Jeremy recently launched TeacherFIT, a free community initiative that brings exercise and stress-management coaching directly to educators in three local charter schools—with the hope of adding more. “Our goal is to be in every public school in Baltimore. We won’t stop until all our teachers are living their healthiest lives.”

TeacherFIT is an offshoot of Jeremy’s work as founder and managing director of Everest Wellness Corporation (everestwellnesscorp.com), which specializes in custom wellness programs for companies with a high percentage of “frontline” workers, such as call centers, warehouses, factories, hotels and restaurant groups.

It’s a niche he decided to scratch after traveling across the country to work for major corporations, where he discovered a dirty little secret: “Many corporate wellness programs only benefit the top tier of employees, like managers, directors, C-suite executives,” he says. “The frontline workers are often ignored or face too many barriers to participate.”

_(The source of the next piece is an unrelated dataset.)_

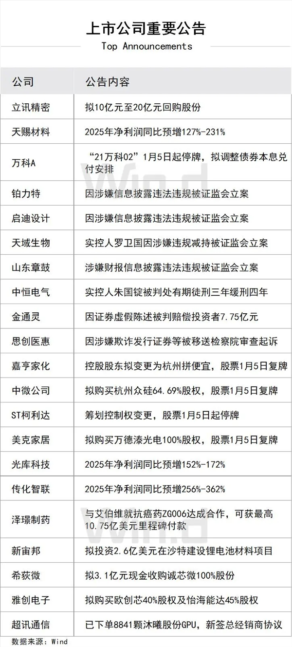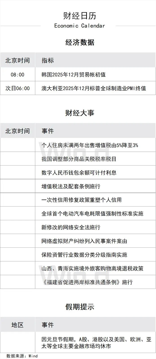 1、现券期货整体偏弱,国债期货全线收跌,30年期主力合约跌0.35%;银行间主要利率债收益率走势分化,10年期“25附息国债16”收益率下行1bp报1.85%。央行开展5288亿元逆回购操作,净投放5028亿元,资金跨年无忧。2025年债券市场表现不佳,30年期国债期货主力合约跌5.62%,创上市以来最差年度表现;30年期国债收益率上行逾36bp。

Jeremy’s specialty is seeing the big picture—how companies can offer inclusive wellness programs that serve their entire employee base, while considering the unique needs of administrative, custodial, and other hourly workers. Things like: Do they sit or stand all day? Will their managers support them? Is English their primary language? (He’s even gone so far as to hire a trainer who speaks TK to serve employees at a WHAT COMPANY in CITY, STATE..)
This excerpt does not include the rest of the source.